ロイヤルベイビー誕生に沸く英国だが、最新の英蘭銀行のデータによれば7月の住宅融資承認件数は60,624件に達して2008年3月以来最高となり、つれて価格の上昇も急加速して一戸当たりの平均価格は170,514ポンド(2,560万円)となって2008年のリーマンショック以来の高水準となった。まだリーマンショック以前の高値 186,044ポンド(2007年)までは回復していないが、今年の1月と比較しても平均価格は3.5%、金額にして8,000ポンド以上上昇している。
これは今年になって政府が導入した2つの政策、すなわち、住宅価格の20%までを政府が貸し手に対して保証するHelp to Buy制度と、貸し手の銀行や住宅抵当金融会社がより低利で調達ができるようにした Funding for Lending制度により、貸し出し競争の激化と、住宅購入がより容易になったことによる。しかし、この2つの政策は即効性のある住宅需要喚起策であり、結局はバブルを誘発するもので、持続性がないもの。バブルである以上、いずれ破裂し、住宅価格はもとより金融機関における不良債権の発生とそれに伴う金融市場の混乱を招くものとなる。
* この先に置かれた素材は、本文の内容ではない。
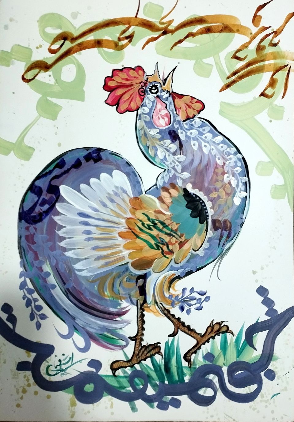 نقاشی مرغ سحر(از مجموع خروس مشتی) اثر هنرمند محمدباقر اشرفیان
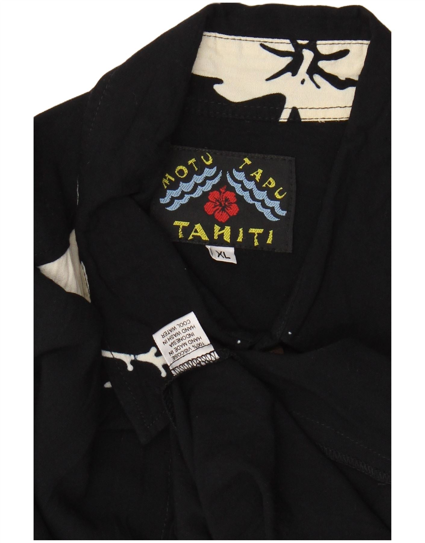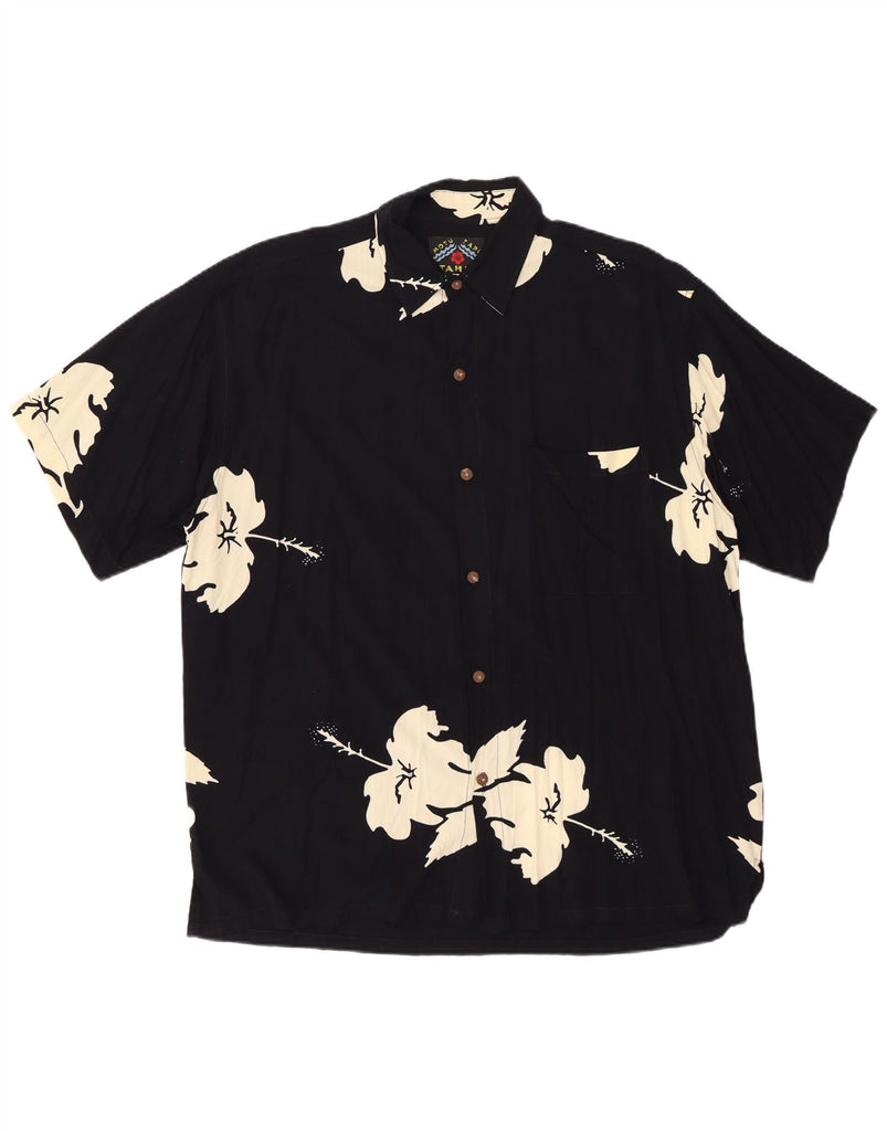 MOTU TAPU TAHITI Camisa Manga Corta Hombre XL Viscosa Floral Negro

これに対してカナダ中銀から英蘭銀行総裁に就任したマーク・カーニーは、バブルという懸念は承知しているとして、バブル退治が必要な事態になれば然るべく対応するとしている。
土地神話の崩壊によって、土地あるいは住宅バブルと言う言葉はいつの間にか日本では死語になってしまったが、果たしてアベノミクスで土地バブルの再来はあるのだろうか。また、首都圏に限って言えば、もし2020年の五輪が東京で開催されることになれば、アベノミクス以上に土地価格への影響、すなわちバブルは発生するのだろうか。